Rozdział 10

351 37 15
                                    


Kostja pov

Już od dwóch godzin siedziałem w swoim pokoju i przeglądałem na telefonie social media. Kiedy przywoływałem śniadanie,do kuchni przyszła Natalia ubrana w moją koszulkę,którą dałem jej dwa dni temu,wyglądała w niej bardzo fajnie. Co ja gadam? Ona w tej koszulce wyglądała słodko i uroczo. Już chciałem jej to powiedzieć,jednak ugryzłem się w język. Nie chciało mi się ciągle siedzieć w domu i pomyślałem że mogę przejść się do kawiarni. Wychodząc z pokoju chwyciłem słuchawki. Opuściłem mieszkanie,uprzednio informując dziewczynę,że wychodzę aby się o mnie nie martwiła. Poszedłem do tej samej kawiarni gdzie poznałem Natalię. Siedziałem w rogu sali pijąc mrożone cappuccino i słuchając muzyki. Myślałem jakie ja miałem,szczęście że na swojej drodze. Bo równie dobrze mógłbym trafić na jakiegoś plastika,bez serca. Piłem kawę,obserwując co dzieję się za oknem. Moje rozmyślania przerwał sms.

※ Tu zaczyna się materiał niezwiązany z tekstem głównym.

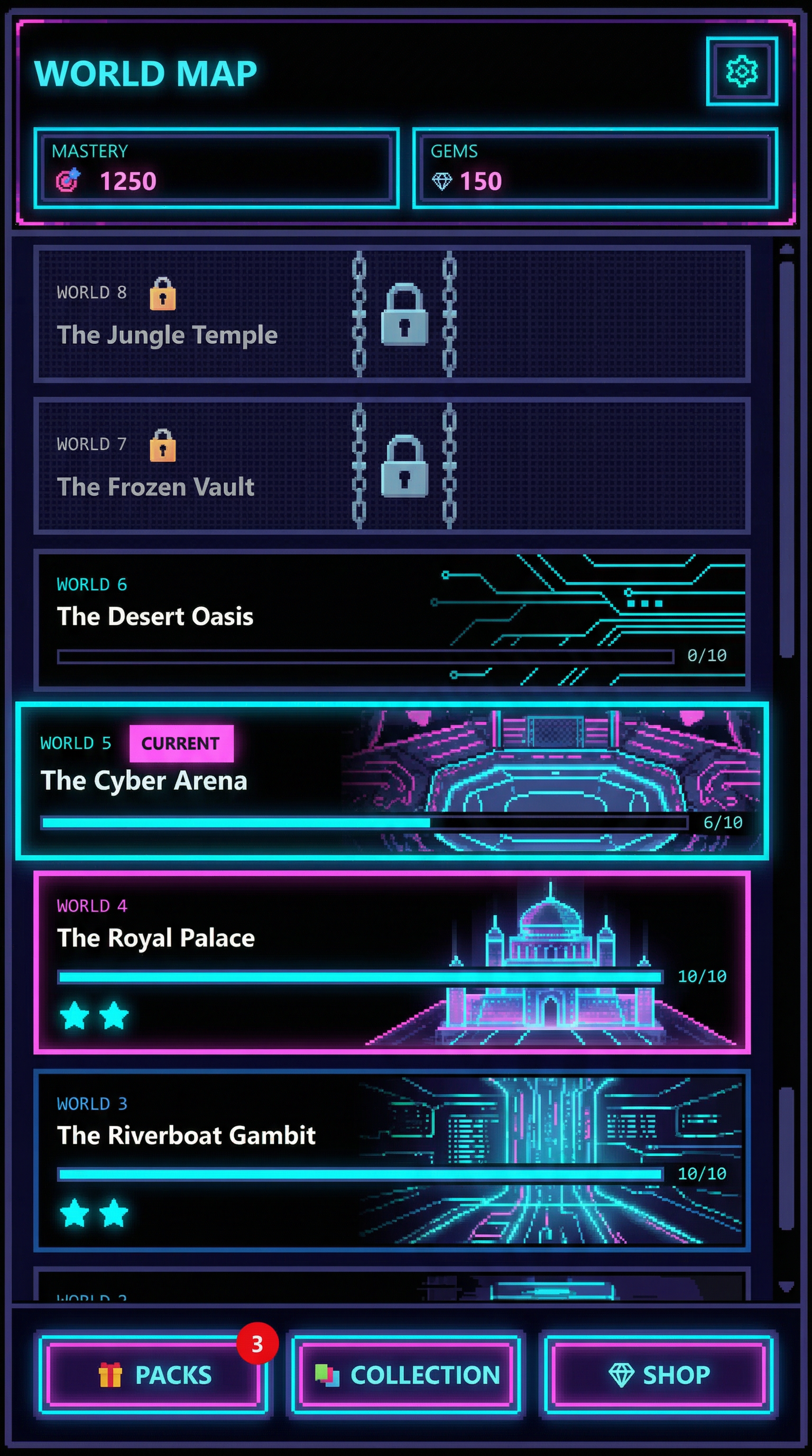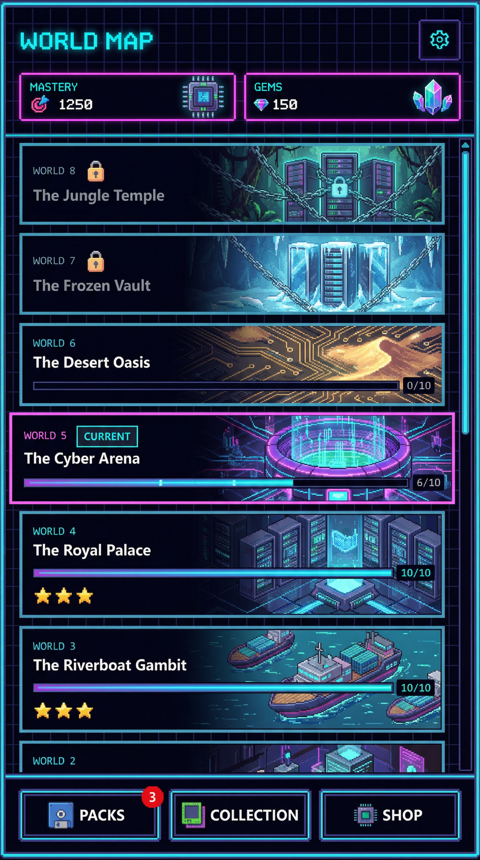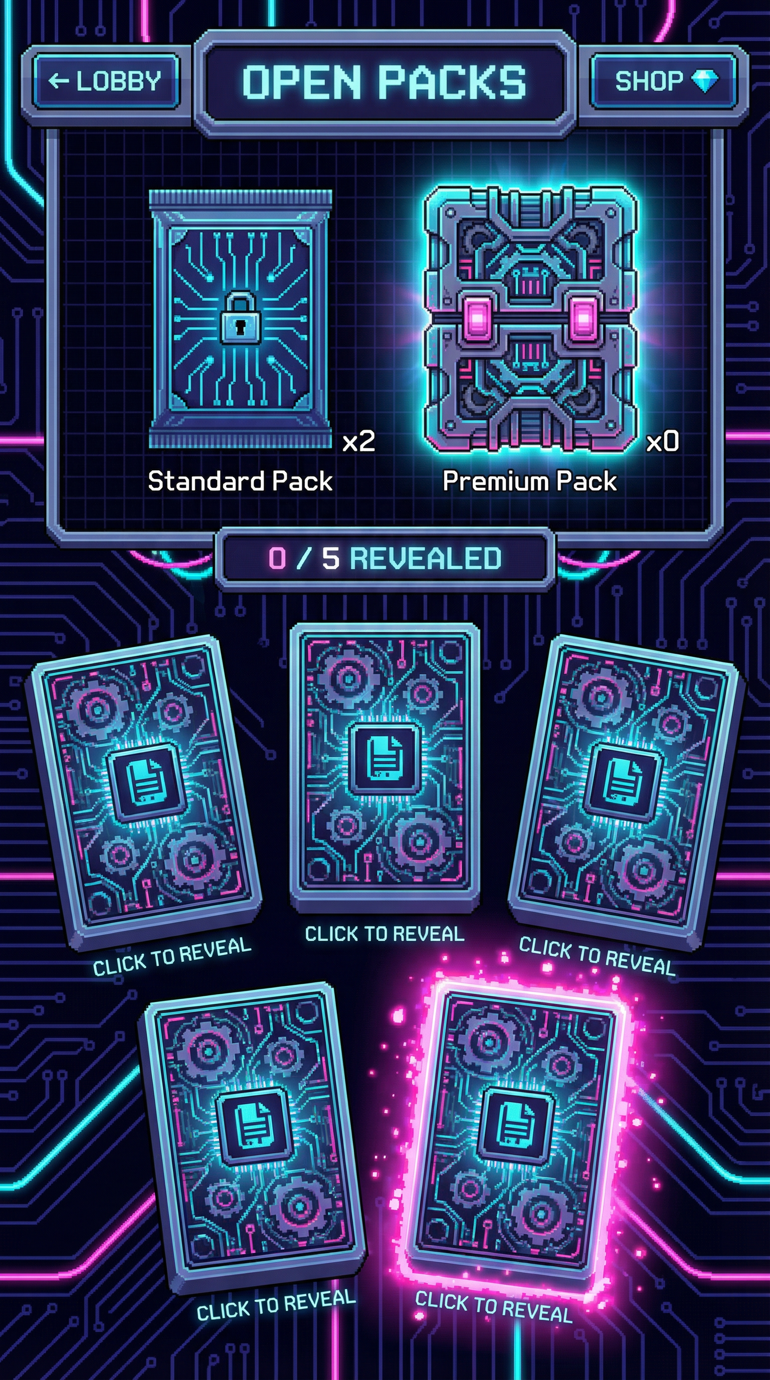 "Crisp, high-density 16-bit to 32-bit pixel art with meticulous manual dithering and pixel-perfect line work. Enhanced with modern rendering techniques including real-time dynamic bloom, volumetric lighting, and deep parallax layers. High-contrast, readable silhouettes specifically optimized for digital playing cards, floating icons, and retro-modern UI frames., - Concept: Rogue AI network core, high-voltage synthetic cyberspace. - Palette: Void Black & Dark Grid Indigo backgrounds vs blinding Laser Cyan & Overclocked Neon Pink highlights. - Materials & Elements: Infinite glowing circuitry lines, fiber-optic cables pulsing with light, sleek obsidian/polycarbonate, pure neon emissions. - Atmosphere: 'High-Voltage Cyberpunk'. Futuristic, synthetic, sterile but highly energetic., [UI/UX LAYOUT] - Core Structure: Respect reference layout. Thick beveled frames, high relief (extruded 3D look). - Interactions: Clickable buttons require pronounced inner 'Laser Cyan' glow & high-saliency color fills. - Depth & Hierarchy: Aggressive Z-depth drop shadows between layers. Active foreground 40% brighter/more contrast than background. [CARD PROGRESSION MATRIX] Visual Complexity Ladder scaling linearly by rarity: - Common: Matte black polycarbonate. Minimalist execution, clean flat structural borders, faint circuitry. No protruding elements. - Rare: Sleek obsidian. Enhanced thematic detailing (glowing fiber-optic routing, subtle data-streams), double-tiered UI depth. - Epic: Premium 'Neon Pink' hard-light borders. Complex structural design with embedded microchips or holographic UI nodes in corners. - Legendary: Maximalist synthetic expression. High-impact motifs (bursting plasma conduits, heavy circuitry cables, floating geometric data) physically breaking the rectangular silhouette (protruding 3D elements extending past borders)., [CONCEPT MAPPING] - Replace Jokers with ROGUE PROGRAMS: Sentient AI avatars & grid hackers in sleek polycarbonate suits with neon circuitry. - Replace Lucky Charms with SYSTEM EXPLOITS: Tangible digital artifacts (glowing geometric data-disks, overclocking microchips, pulsing fiber-optic injectables). - Replace Tarot with SOURCE CODES: Floating holographic terminal screens displaying cascading 'Neon Pink' & 'Laser Cyan' data streams. - Replace Planet with CORE NODES: Floating geometric server-cubes containing swirling, raw processing plasma. [PROGRAM SAMPLES] 1. THE GLITCH (Assassin): Agile fragmented digital avatar. Glitching/stuttering silhouette, sleek dark visor. Wielding twin 'Laser Cyan' hard-light blades. Swift, unstable pose. 2. THE FIREWALL (Heavy): Massive blocky enforcer program. Heavy obsidian armor projecting glowing warning grids. Holding massive digital riot shield. Imposing, defensive pose. 3. THE OVERCLOCKER (Specialist): Sleek hacker surrounded by floating holographic keyboards. Fiber-optic cables plugging into a glowing synthetic spine. Calculating, hyper-focused pose., Pack Tier Differentiation (Standard vs. Premium): * Standard Asset: Single-layer design. Clean, functional geometry with minimal articulation or ornamental points. Uses basic surface textures. * Premium Asset: Multi-layered, high-complexity design. Must feature "mechanical intrigue" elements (e.g., dual latches, deep relief, intricate security features, or ornate filigree). Value is communicated through detail density per pixel and structural sophistication, not physical scale. Card Arrangement (Face-down State): * A set of 5 vertical rectangles (Card Backs). * Dynamic "Fan-out" or "Semi-circle" arrangement to simulate physical depth and perspective on the 3D plane. Backlight Aura: A peripheral light plane (halo) hidden behind the card edges. The "Epic Glow" (Visual Lead): * An expansive radiance effect using dynamic particles and light halos that "leak" past the card’s closed silhouette."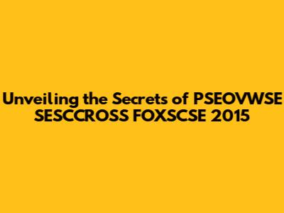 Unveiling The Secrets Of PSEOVWSE SESCCROSS FOXSCSE 2015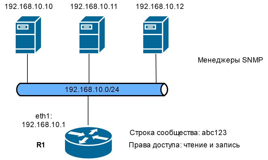 В примере ниже в качестве строки сообщества SNMP указывается abc123, а также определяются 3 клиента для данного сообщества: 192.168.10.10, 192.168.10.11 и 192.168.10.12. Для данного сообщества устанавливается доступ на чтение и на запись.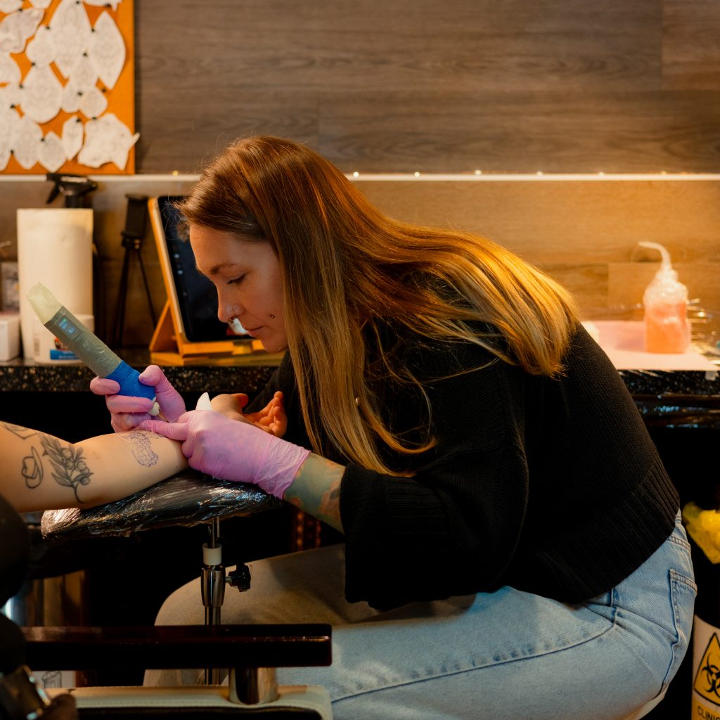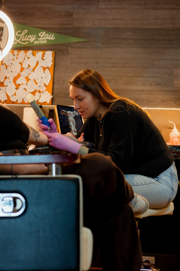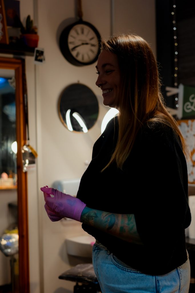 Based at Tattoo Crue in Paignton, Lucy is a vibrant and expressive tattoo artist whose work radiates creativity and confidence. Her chair is a space filled with laughter, warmth, and genuine connection — the kind of energy that makes every tattoo session feel like a collaboration between friends. Lucy’s artistry blends bold, colourful design with an intuitive understanding of her clients’ stories, creating work that’s both deeply personal and visually striking. Through her craft, she celebrates individuality and the empowerment that comes with wearing your art proudly on your skin.
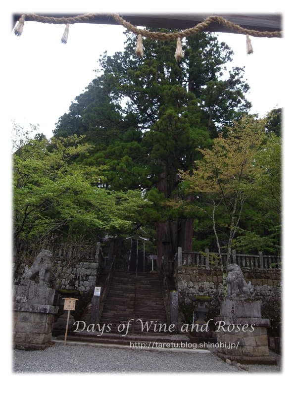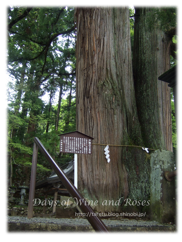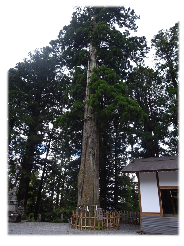 なお、境内にはまた別の神木の杉があり、こちらも立派な木です。全体に杉の木が鬱蒼としげって境内をつつみこんでいる印象があります。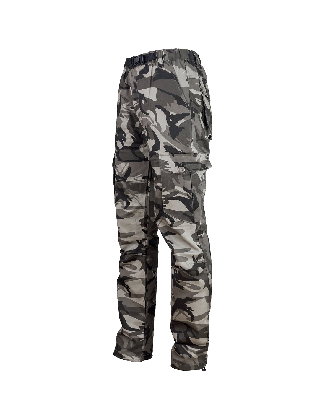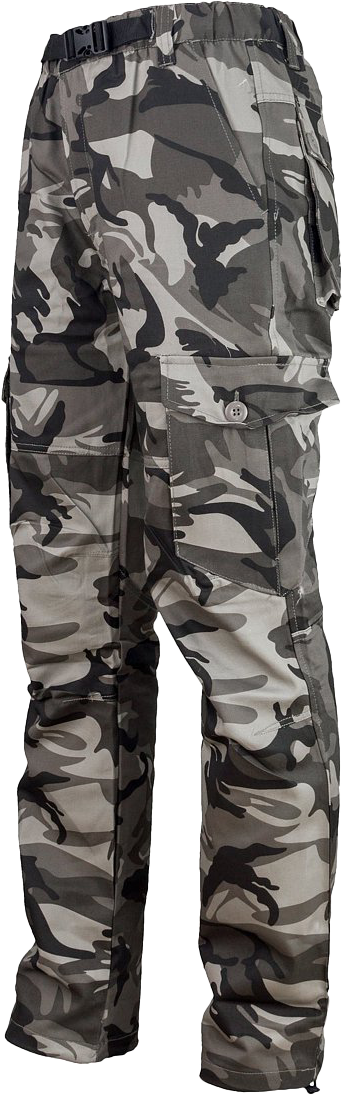 Spodnie CAMO GREY z regulacją w tali oraz gumką. Posiadają liczne kieszenie: 2 z przodu, 2 z tyłu oraz 2 po bokach nogawek zapinane na guziki. Nogawki wyposażone w ściągacze do regulacji.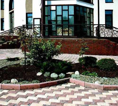Devant le mur avant, des plantes rabougries sont plantées, qui reçoivent la forme désirée par bouture. Ces plantes conviennent également pour décorer le chemin menant à l'entrée. Dans ce cas, ils agiront comme une bordure.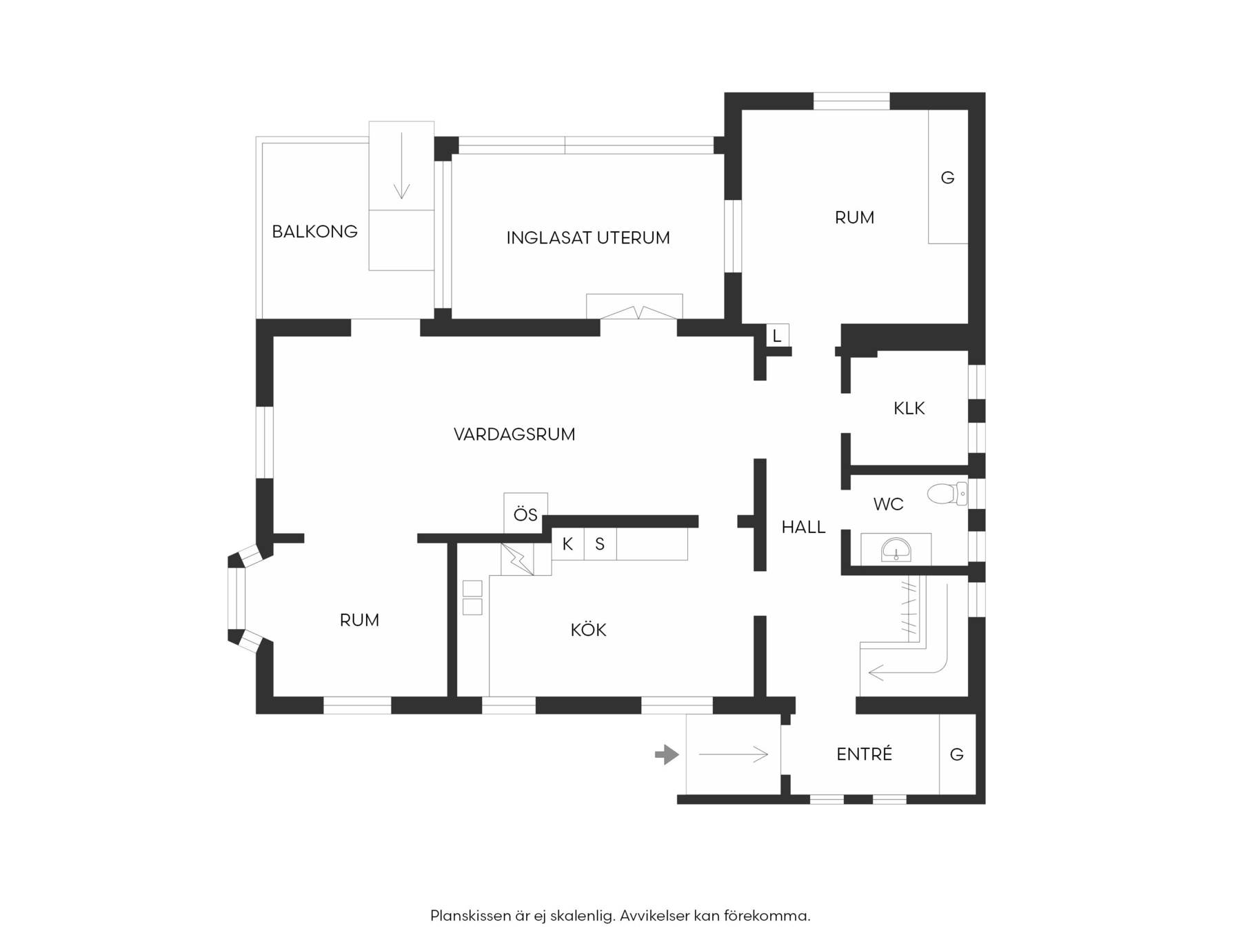 I direkt anslutning till det inglasade uterummet finns en balkong där man njuter av solen. Här finns markis och genom skjutdörr i glas når man det inglasade uterummet.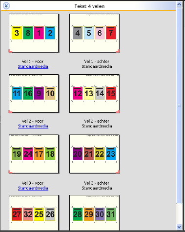 De opmaak 2 per vel; op de rug gebonden is bedoeld voor taken met veelvouden van vier pagina's, maar u kunt deze opmaak ook gebruiken voor taken met een ander aantal pagina's. In Fiery Impose worden zo nodig blanco pagina's toegevoegd. Pagina's worden geordend in groepen van vier, zodat elk vel na het vouwen vier opeenvolgende pagina's bevat.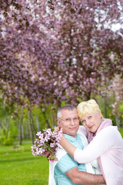 Любящая пожилая пара в парке весной

Natalia:Hej,Kostja,gdzie jesteś?

Me:W kawiarni. A co?

Natalia:Nic,tak z ciekawości pytam,bo mi też się nudzi.

Me:Jak chcesz,to możesz do mnie przyjść i się posiedzimy razem. 😃

Natalia:Nie chce mi się.😂😉

Me:Leniuch z ciebie😎

Natalia:Z ciebie też 😃

Me:przeginasz mała.😎

Natalia:Ej,ej przystopuj trochę. Wcale nie jestem taka mała.

Me:😌😊 Wracam za 10 minut.

Natalia:I pewnie mam się przygotować na tortury?😆

Natalia:Możliwe że tak😎

Schowałem telefon do kieszeni i opuściłem kawiarnię. Szybkim krokiem doszedłem do mieszkania. Udało mi się cichutko wejść,tak że dziewczyna mnie nie usłyszała. Siedziała na kanapie i oglądała telewizje. Cichutko,podszedłem do niej od tyłu i położyłem rękę na jej ramieniu. Kiedy poczuła mój dotyk,gwałtownie się podniosła,spoglądając na mnie.

-Kostja,jak ty mnie przestraszyłeś -powiedziała spoglądając na mnie.

-Sorki,nie chciałem aby tak wyszło -odpowiedziałem usiłując powstrzymać śmiech.

-To wcale nie jest śmieszne -z jej twarzy można wyczytać oburzenie.

-Trochę jest żałuj że nie widziałaś swojego wyrazu twarzy.

-Ej-powiedziała do mnie dziewczyna i rzuciła we mnie poduszką. Odrzuciłem ją w nią.

-Nie rzucaj we mnie-powiedziała podniesionym głosem.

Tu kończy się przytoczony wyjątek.